● **HOW TO COMPLETE THIS TASK**: Your response to the data below should hold nothing except the lines from the one containing "These recomposed plans" down to the one containing "value 값이 보인다.", reproduced exactly and without pictures.

● **PROVIDED DATA**:
━━━━━━━━━━━━━━━━━━━━

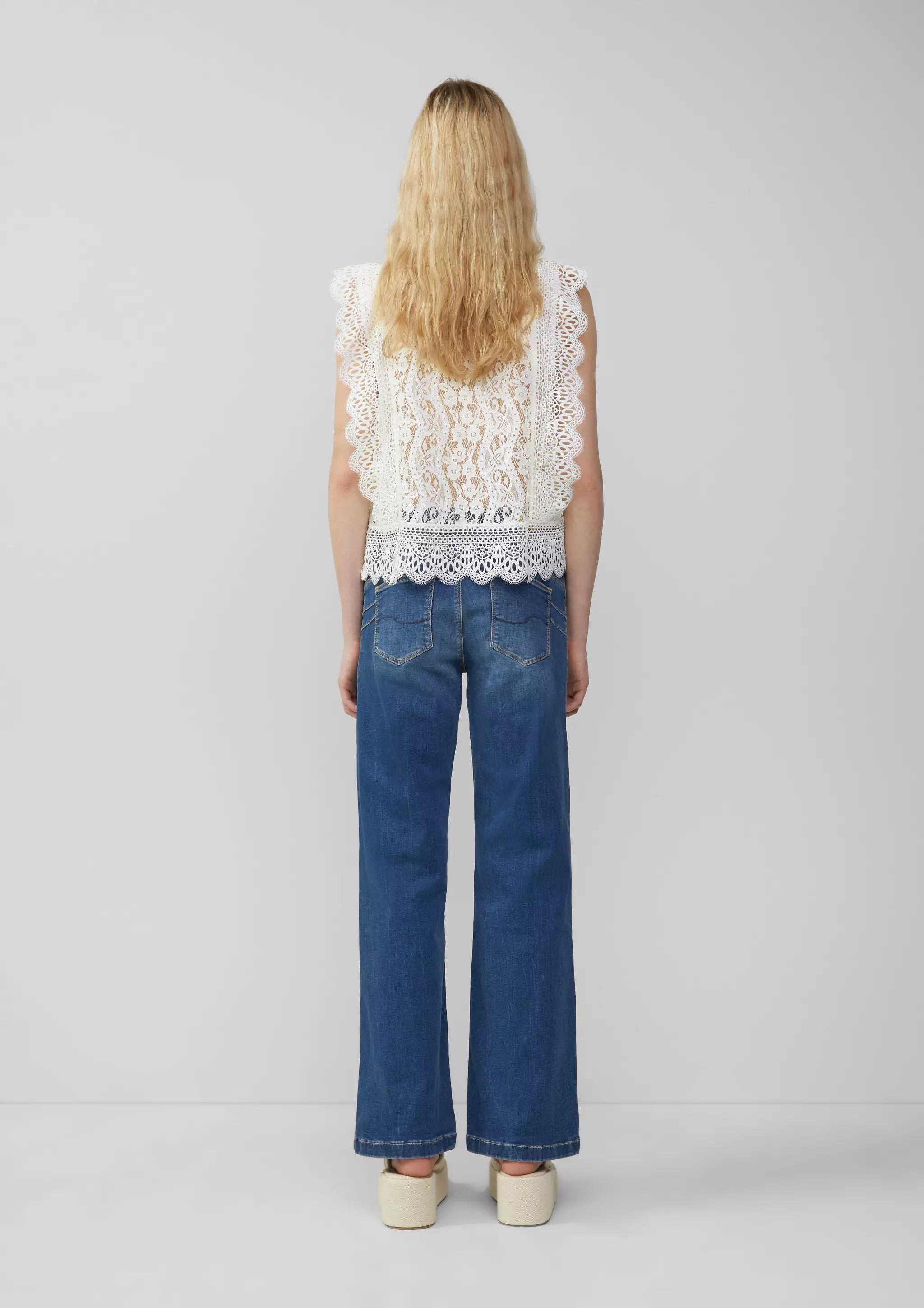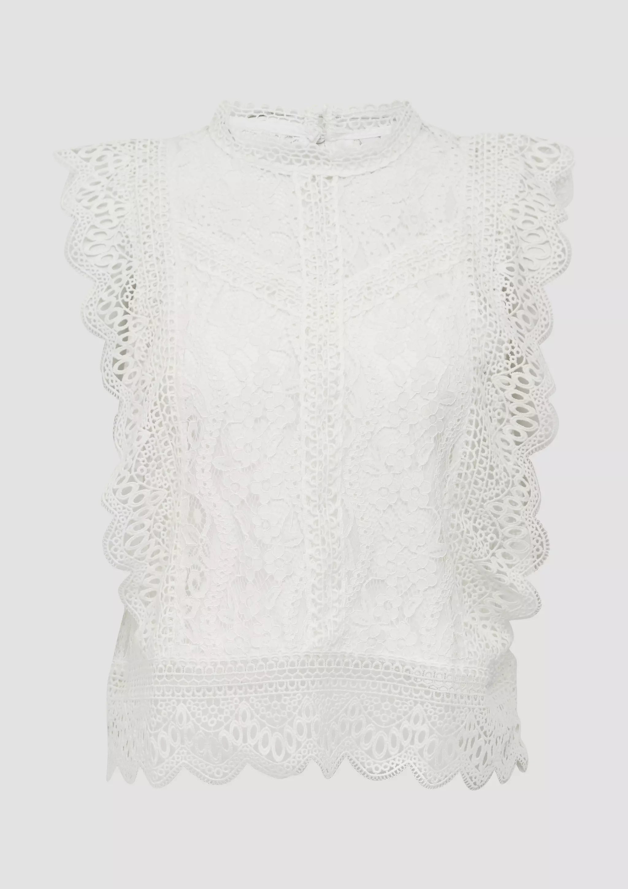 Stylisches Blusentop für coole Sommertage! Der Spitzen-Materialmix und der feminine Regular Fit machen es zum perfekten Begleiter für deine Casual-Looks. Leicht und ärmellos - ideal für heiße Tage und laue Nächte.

━━━━━━━━━━━━━━━━━━━━

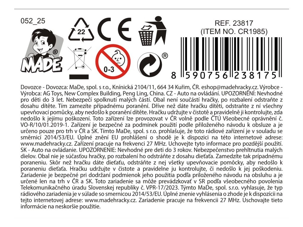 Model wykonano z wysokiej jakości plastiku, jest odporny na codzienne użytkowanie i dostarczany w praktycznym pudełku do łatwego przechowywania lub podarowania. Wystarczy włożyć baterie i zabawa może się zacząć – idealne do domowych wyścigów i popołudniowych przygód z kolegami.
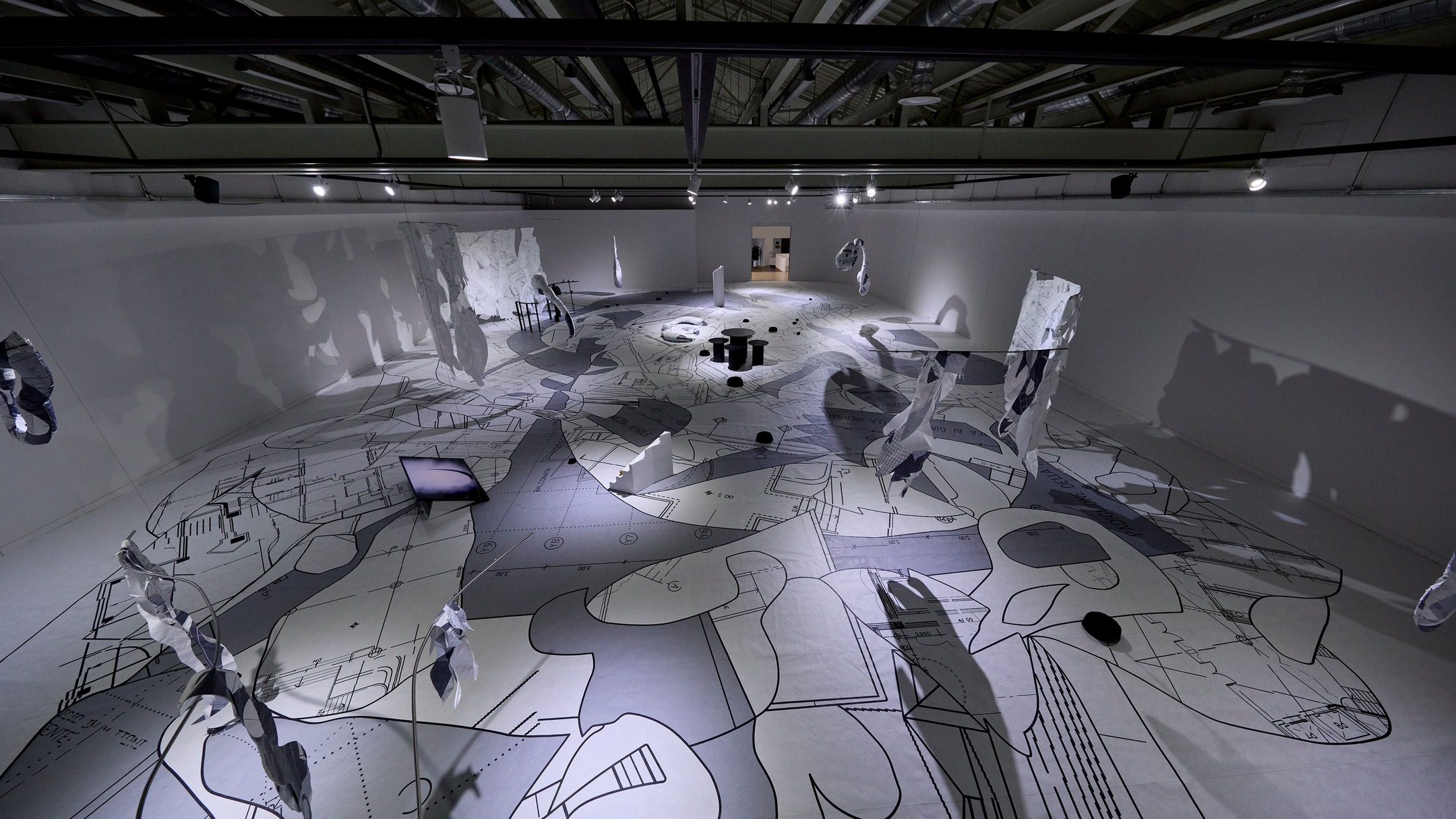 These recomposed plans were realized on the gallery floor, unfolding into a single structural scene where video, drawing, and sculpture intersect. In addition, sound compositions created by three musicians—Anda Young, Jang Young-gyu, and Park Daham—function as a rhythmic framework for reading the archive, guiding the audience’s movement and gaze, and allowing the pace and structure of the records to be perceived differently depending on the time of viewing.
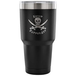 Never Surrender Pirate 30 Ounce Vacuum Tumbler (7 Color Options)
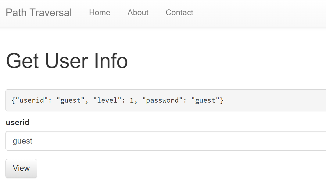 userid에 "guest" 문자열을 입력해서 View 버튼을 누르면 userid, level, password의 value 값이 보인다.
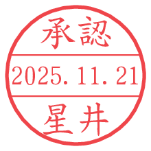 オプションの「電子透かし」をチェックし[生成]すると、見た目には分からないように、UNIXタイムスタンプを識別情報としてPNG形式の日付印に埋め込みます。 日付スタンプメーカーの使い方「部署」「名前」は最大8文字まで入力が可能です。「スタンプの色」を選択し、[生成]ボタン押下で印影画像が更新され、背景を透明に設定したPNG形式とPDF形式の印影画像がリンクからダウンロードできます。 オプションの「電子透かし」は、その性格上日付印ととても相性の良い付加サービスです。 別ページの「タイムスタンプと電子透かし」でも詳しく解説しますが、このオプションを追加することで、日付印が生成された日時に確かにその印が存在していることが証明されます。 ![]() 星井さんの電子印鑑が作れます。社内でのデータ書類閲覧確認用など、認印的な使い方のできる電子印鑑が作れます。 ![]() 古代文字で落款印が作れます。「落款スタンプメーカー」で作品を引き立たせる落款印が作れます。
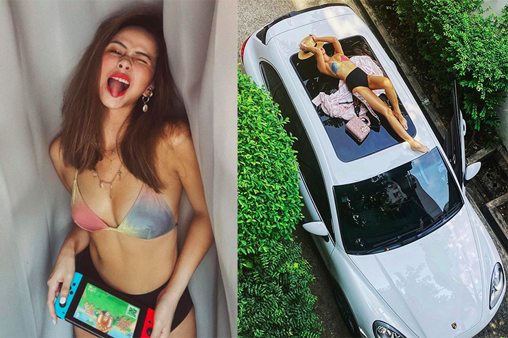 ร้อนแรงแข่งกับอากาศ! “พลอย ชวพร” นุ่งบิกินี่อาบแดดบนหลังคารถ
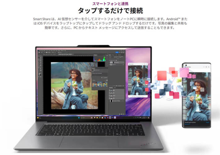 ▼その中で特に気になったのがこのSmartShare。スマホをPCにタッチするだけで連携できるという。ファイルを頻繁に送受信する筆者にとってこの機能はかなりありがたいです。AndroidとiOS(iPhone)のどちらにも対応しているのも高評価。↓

━━━━━━━━━━━━━━━━━━━━

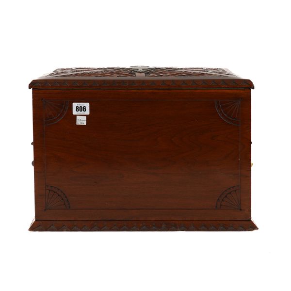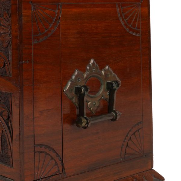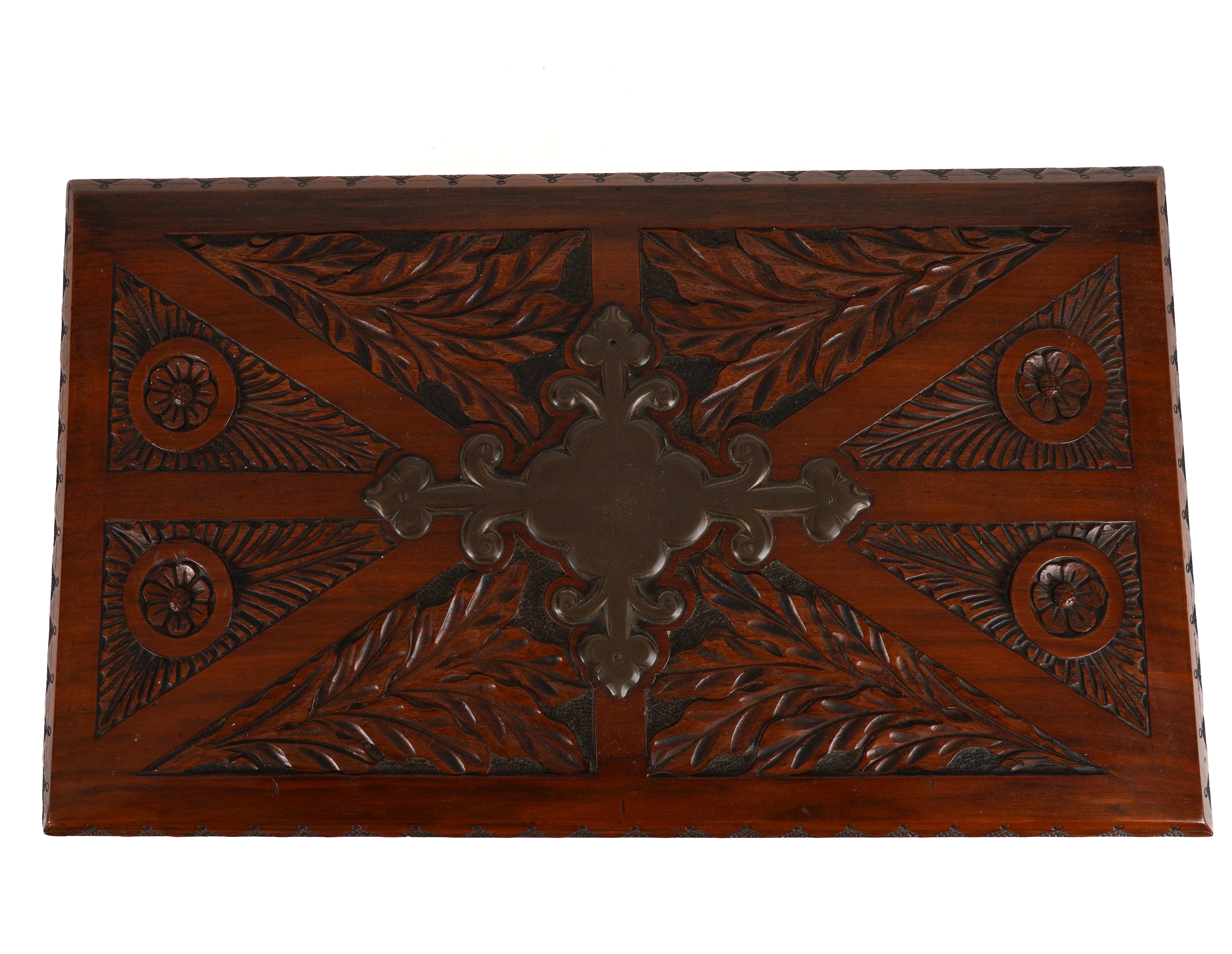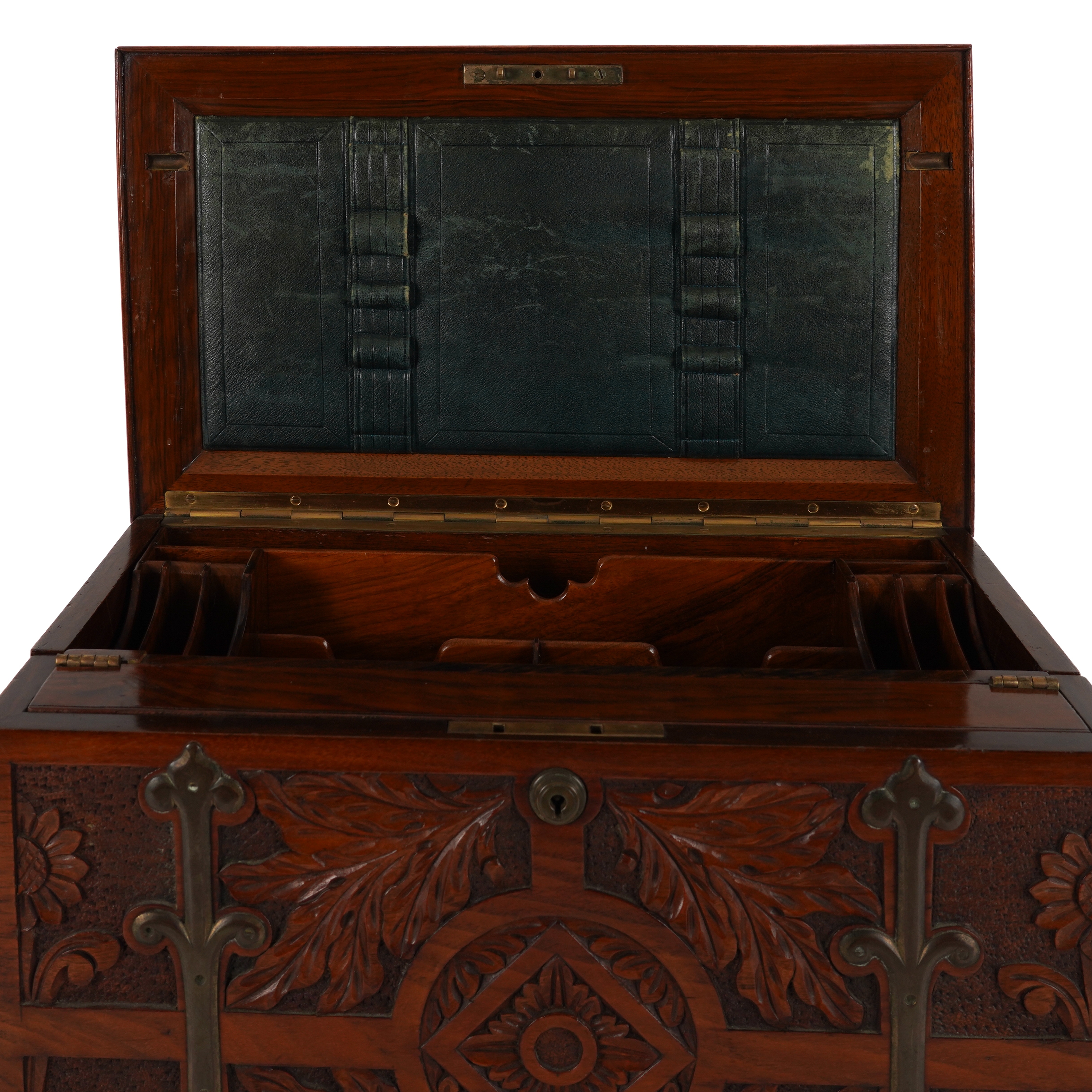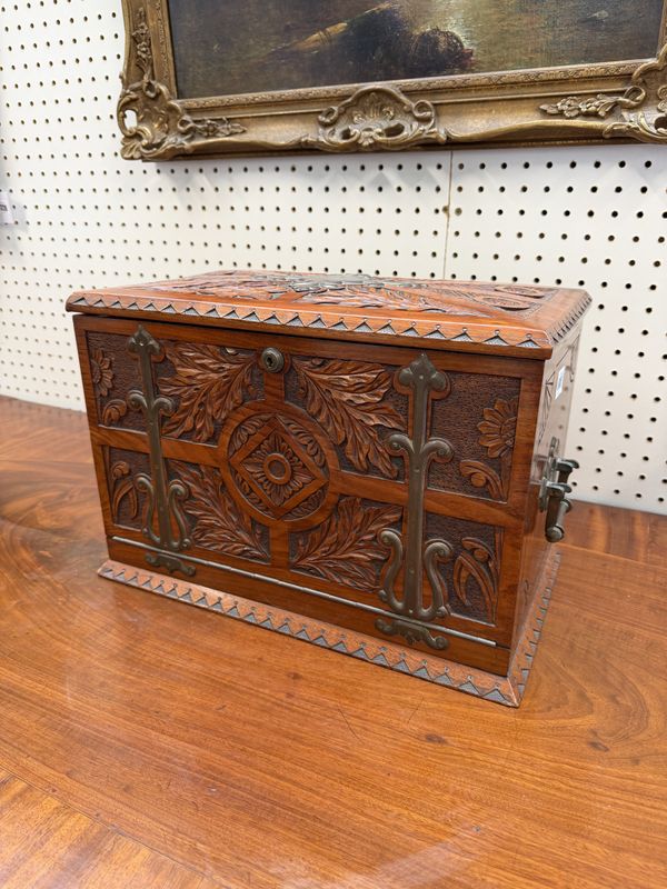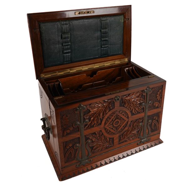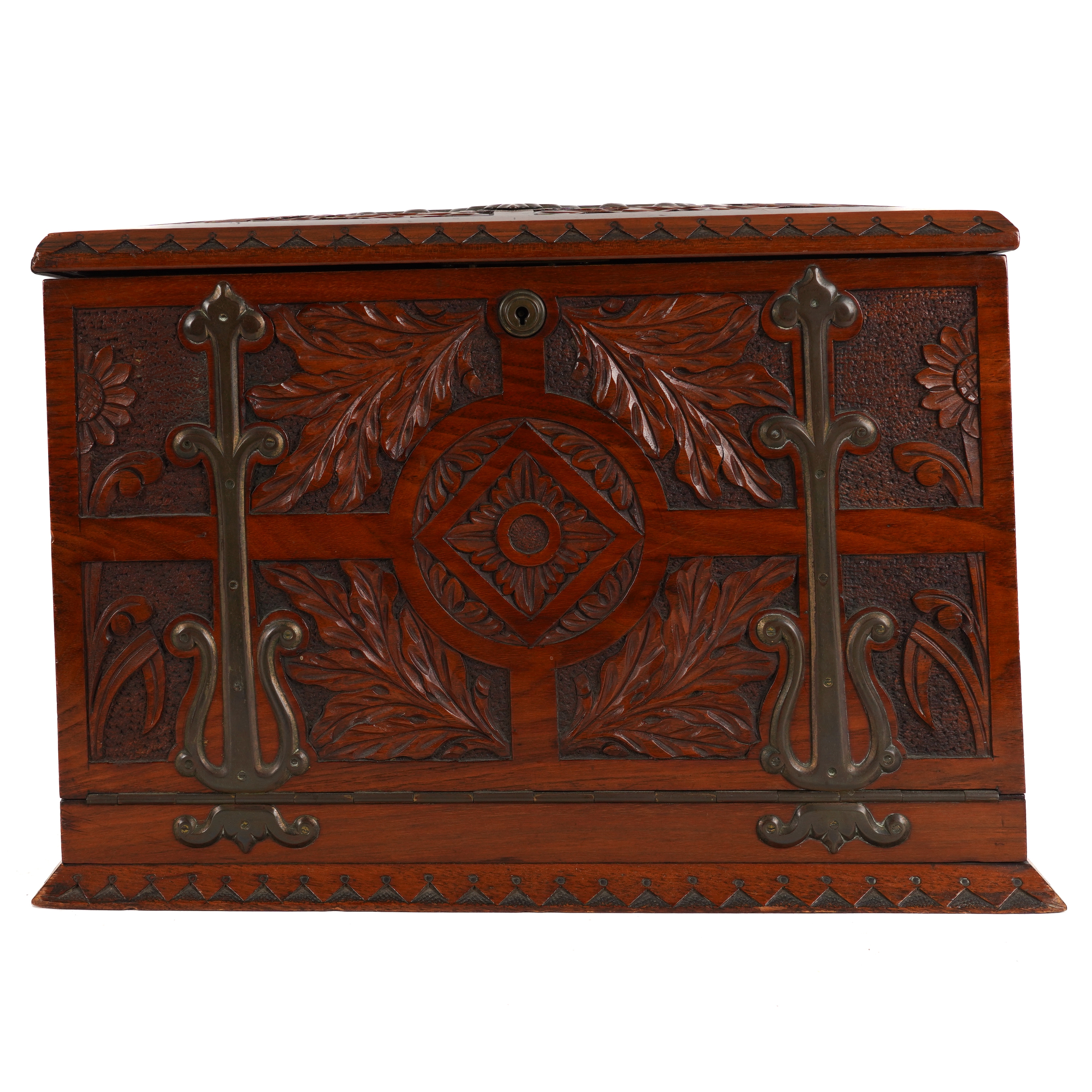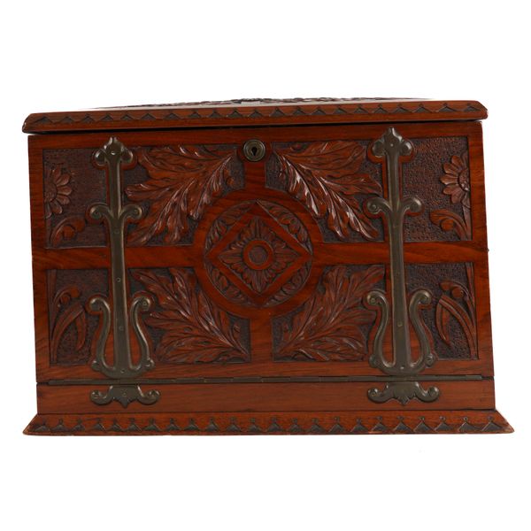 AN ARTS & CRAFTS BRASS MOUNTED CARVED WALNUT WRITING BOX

━━━━━━━━━━━━━━━━━━━━

● **REPLY TO THE TASK**:
 These recomposed plans were realized on the gallery floor, unfolding into a single structural scene where video, drawing, and sculpture intersect. In addition, sound compositions created by three musicians—Anda Young, Jang Young-gyu, and Park Daham—function as a rhythmic framework for reading the archive, guiding the audience’s movement and gaze, and allowing the pace and structure of the records to be perceived differently depending on the time of viewing.
 Never Surrender Pirate 30 Ounce Vacuum Tumbler (7 Color Options)
 userid에 "guest" 문자열을 입력해서 View 버튼을 누르면 userid, level, password의 value 값이 보인다.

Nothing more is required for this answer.